Here's a plot of the MLD diagnosed using TEMP by the linear interpolation method above.

```python

plt.figure(figsize=(4, 6))

ds.TEMP.isel(subset_to_singletons).T.plot(y='z_t', marker='.', label='profile')

plt.axvline(ds.TEMP.isel(subset_to_singletons).isel(z_t=0),
            linewidth=0.5, c='tab:red', label='surface')

plt.axvline(ds.TEMP.isel(subset_to_singletons).isel(z_t=0)+dsigma,
            linewidth=0.5, c='tab:blue', label='S at mld')

plt.axhline(temp_depth*1e2, linewidth=1., c='k', label='MLD')

plt.legend(loc=(1.02, 0));
ylm = plt.ylim()
plt.ylim(ylm[::-1]);
```

![MLD example plot](../images/mld_example_plot.png)

## Running this on the Entire Dataset

Now let's put everything together, running the `mld_dsigma` calculation on the "full" dataset (note that it is still subset given the smaller domain mentioned previously).

```python
%%time
mld = mld_dsigma(ds.SALT, ds.TEMP).compute()
```

This process takes ~2 seconds. Currently, this implementation takes 18 minutes to compute `mld_sigma` for the entire spatial domain for a single ensemble member. Further posts will investigate using `xarray.apply_unfunc` in this context, comparing the performance and tradeoffs.
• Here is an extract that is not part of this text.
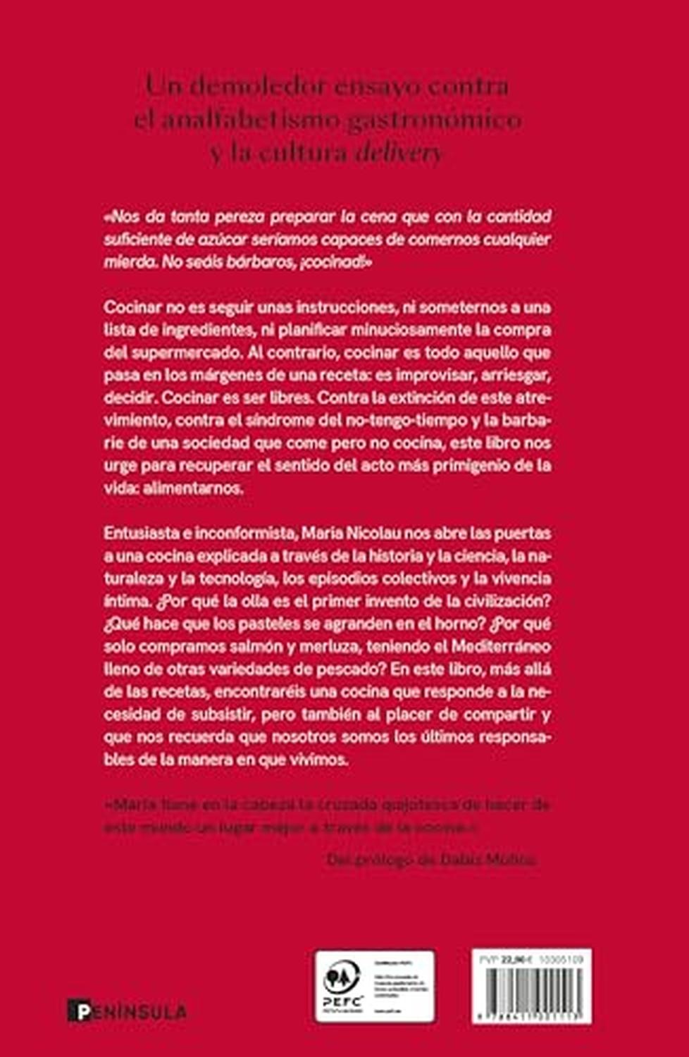 Entusiasta e inconformista, Maria Nicolau nos abre las puertas a una cocina rica, sostenible, apasionada y, sobre todo, coherente. Una cocina explicada a través de la historia y la ciencia, la naturaleza y la tecnología, los episodios colectivos y la vivencia íntima. ¿Por qué la olla es el primer invento de la civilización? ¿Qué hace que los pasteles se agranden en el horno? ¿Por qué solo compramos salmón y merluza, teniendo el Mediterráneo lleno de otras variedades de pescado? En este libro, más allá de las recetas, encontraréis una cocina que responde a la necesidad de subsistir, pero también al placer de compartir y que nos recuerda que nosotros somos los últimos responsables de la manera en que vivimos.

## Potential opportunities for improvements

When working through these computations, it is important to use the dask dashboard to determine where there are bottlenecks within the analysis.
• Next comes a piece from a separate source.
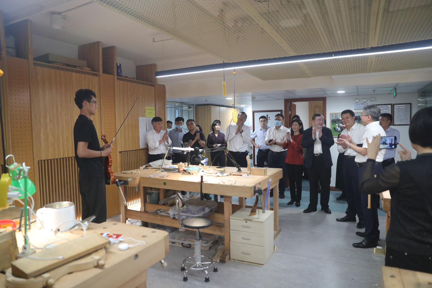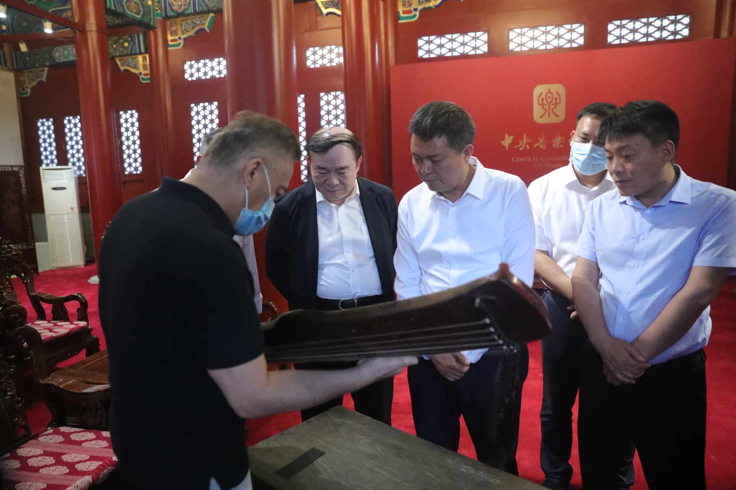 会后,兰考县委领导一行参观了王府南大殿、西小院,听取了唐琴“太古遗音”的介绍和古琴曲《离骚》,随后参观了提琴制作研究中心,深入了解提琴制作工艺。

Also, it can be helpful to understand the nature of the computation. In this case, this computation is considered to CPU heavy, so the key is increasing the number cores being utilized, using a line like this at the beginning:

```python
# Increase # of threads, more compute heavy
cluster = ncar_jobqueue.NCARCluster(cores=8, processes=4, memory='80 GB', project='project_number')
cluster.scale(jobs=10)
client = Client(cluster)
```

Another method of optimization could be increasing/decreasing the chunksize within the `mld` function

```python
mld = mld_dsigma(ds_whole.SALT, ds_whole.TEMP, rho_chunks={'nlat': 16*2, 'nlon': 16*2}).compute()
```

There are no clear correct answers here - it will depend on the specific use case, and the nature of the computation, but hopefully these starting points will help!